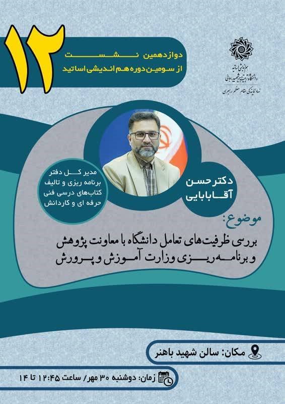 روز دوشنبه سی ام مهر ماه دوازدهمین نشست از سومین دوره هم اندیشی استادان با موضوع "بررسی ظرفیت‌های تعامل دانشگاه با سازمان پژوهش‌‌ و برنامه‌ریزی آموزشی وزارت آموزش و پرورش، دفتر برنامه ریزی و تالیف کتاب‌های درسي فنی وحرفه ای و کاردانش" با حضور آقای دکتر حسن آقابابایی مدیر کل دفتر برنامه ریزی و تألیف کتابهای درسی فنی حرفه ای و کاردانش از ساعت ۱۲.۴۵ تا ۱۴.۰۰ در سالن شهید باهنر دانشگاه تربیت دبیر شهید رجایی برگزار شد.
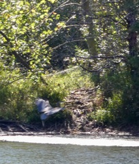 I was standing by the beaver pond  and I saw a heron flying across toward
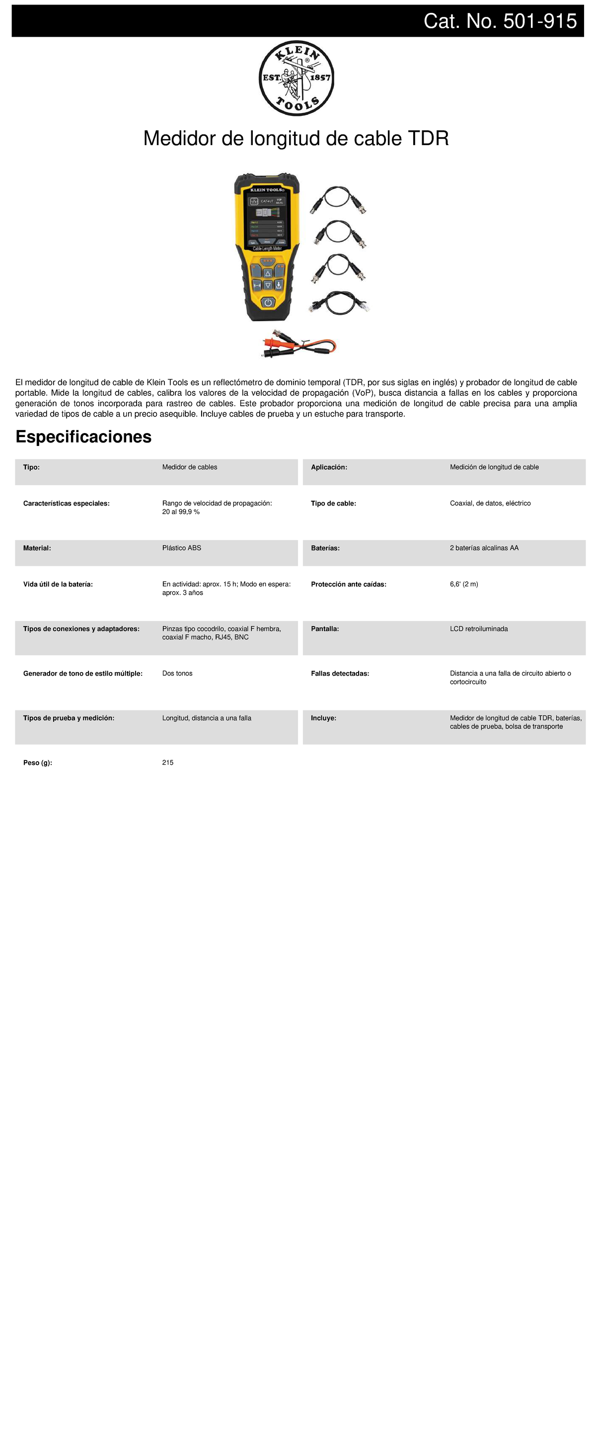 Datasheet for Klein Tools Cable Length Meter TDR (Cat. No. 501915 ...

________________

**WHAT IS EXPECTED**
The listing above must be printed again exactly, minus its pictures.

**ANSWER**
 روز دوشنبه سی ام مهر ماه دوازدهمین نشست از سومین دوره هم اندیشی استادان با موضوع "بررسی ظرفیت‌های تعامل دانشگاه با سازمان پژوهش‌‌ و برنامه‌ریزی آموزشی وزارت آموزش و پرورش، دفتر برنامه ریزی و تالیف کتاب‌های درسي فنی وحرفه ای و کاردانش" با حضور آقای دکتر حسن آقابابایی مدیر کل دفتر برنامه ریزی و تألیف کتابهای درسی فنی حرفه ای و کاردانش از ساعت ۱۲.۴۵ تا ۱۴.۰۰ در سالن شهید باهنر دانشگاه تربیت دبیر شهید رجایی برگزار شد.
 I was standing by the beaver pond  and I saw a heron flying across toward
 Datasheet for Klein Tools Cable Length Meter TDR (Cat. No. 501915 ...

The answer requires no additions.